ECAP is the most common SPD method used in almost half of the studies on corrosion of severely deformed materials.20) Other traditional SPDs methods such as HPT,115) ARB,34,107) hydrostatic extrusion (HE),67) and modified cold rolling37) are also employed, albeit not as frequently. Corrosion is a surface phenomenon, thus so-called surface nanocrystallization (SNC) methods such as shot-blast/peening,116–120) ultrasonic peening,73,74,77,121) surface mechanical attrition treatment (SMAT),24,27,56,122) and friction stir processing (FSP)123) are also reported, and, in some cases, demonstrated as an effective approach in enhancing corrosion resistance.

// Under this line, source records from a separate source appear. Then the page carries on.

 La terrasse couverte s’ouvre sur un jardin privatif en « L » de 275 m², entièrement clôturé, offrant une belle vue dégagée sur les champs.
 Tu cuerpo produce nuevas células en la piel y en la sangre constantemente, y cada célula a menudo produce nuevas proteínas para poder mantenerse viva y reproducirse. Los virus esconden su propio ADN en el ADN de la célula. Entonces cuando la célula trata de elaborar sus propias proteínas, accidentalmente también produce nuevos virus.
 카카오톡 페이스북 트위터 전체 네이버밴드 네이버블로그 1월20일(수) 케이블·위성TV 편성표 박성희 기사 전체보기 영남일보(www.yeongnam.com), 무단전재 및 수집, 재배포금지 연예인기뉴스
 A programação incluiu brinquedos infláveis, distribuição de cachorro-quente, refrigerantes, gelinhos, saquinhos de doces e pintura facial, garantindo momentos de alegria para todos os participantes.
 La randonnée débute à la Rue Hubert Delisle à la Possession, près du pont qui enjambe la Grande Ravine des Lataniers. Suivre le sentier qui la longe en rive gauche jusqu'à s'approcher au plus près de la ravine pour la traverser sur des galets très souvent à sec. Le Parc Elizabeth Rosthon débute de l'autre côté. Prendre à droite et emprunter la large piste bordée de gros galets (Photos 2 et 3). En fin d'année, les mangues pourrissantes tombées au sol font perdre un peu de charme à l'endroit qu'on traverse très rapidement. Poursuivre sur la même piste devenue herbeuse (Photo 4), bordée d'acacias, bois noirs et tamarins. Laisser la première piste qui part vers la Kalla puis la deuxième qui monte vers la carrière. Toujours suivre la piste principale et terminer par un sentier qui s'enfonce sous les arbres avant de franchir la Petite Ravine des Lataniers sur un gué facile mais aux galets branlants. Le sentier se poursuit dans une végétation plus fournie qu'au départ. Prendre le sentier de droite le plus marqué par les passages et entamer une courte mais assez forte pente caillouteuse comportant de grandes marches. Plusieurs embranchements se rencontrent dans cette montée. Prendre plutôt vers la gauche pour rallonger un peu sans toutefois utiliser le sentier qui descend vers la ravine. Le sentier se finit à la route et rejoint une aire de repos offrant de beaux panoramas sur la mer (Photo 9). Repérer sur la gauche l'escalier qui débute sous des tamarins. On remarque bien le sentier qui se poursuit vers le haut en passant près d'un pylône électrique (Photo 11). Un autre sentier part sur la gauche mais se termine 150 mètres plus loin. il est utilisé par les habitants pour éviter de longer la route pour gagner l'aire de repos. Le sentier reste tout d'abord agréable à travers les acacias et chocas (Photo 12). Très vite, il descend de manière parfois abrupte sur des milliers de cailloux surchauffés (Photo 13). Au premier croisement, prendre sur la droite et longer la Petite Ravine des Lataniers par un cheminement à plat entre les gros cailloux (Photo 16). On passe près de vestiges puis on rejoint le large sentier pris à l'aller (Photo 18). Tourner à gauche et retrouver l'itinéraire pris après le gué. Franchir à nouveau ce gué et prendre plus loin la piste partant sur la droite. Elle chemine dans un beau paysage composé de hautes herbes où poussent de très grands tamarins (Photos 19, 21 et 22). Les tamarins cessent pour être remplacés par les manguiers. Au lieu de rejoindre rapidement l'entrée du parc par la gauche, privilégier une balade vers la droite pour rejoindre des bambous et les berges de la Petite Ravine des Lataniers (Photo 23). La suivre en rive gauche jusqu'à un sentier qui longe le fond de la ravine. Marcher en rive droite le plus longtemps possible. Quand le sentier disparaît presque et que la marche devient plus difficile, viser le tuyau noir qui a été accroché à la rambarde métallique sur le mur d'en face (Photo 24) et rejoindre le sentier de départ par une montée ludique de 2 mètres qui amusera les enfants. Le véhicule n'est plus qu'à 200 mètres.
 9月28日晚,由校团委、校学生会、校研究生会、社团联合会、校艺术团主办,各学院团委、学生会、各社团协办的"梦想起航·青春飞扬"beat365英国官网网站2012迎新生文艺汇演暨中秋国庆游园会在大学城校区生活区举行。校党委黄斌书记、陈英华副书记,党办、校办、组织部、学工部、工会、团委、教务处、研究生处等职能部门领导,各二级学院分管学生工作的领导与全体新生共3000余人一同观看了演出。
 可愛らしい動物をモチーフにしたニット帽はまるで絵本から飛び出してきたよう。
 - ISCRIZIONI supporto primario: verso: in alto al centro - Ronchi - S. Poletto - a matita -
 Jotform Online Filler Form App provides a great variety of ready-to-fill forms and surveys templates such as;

3.2 Pure aluminumIn most corrosion studies of pure aluminum, the material was processed by ECAP.59,68,108,124–128) The impact of SPD on corrosion resistance is much higher for pure aluminum than for other pure metals and it is mostly a favorable impact27,58,59,68,91,124,127,128) with some exceptions.57,107,108,125) The corrosion behavior is mainly characterized through polarization tests in neutral NaCl solutions aimed at determining the corrosion resistance on the basis of the corrosion current and pitting potential. In most cases, the corrosion current decreases68,93,95,114) and the pitting potential increases68,93) as compared with the values for CG materials. The anodic current is mostly suppressed by SPD, while the cathodic current is less affected near the open potential, suggesting that the spontaneous passive film become more protective upon UFG formation because of high-density grain boundaries which facilitate passivation.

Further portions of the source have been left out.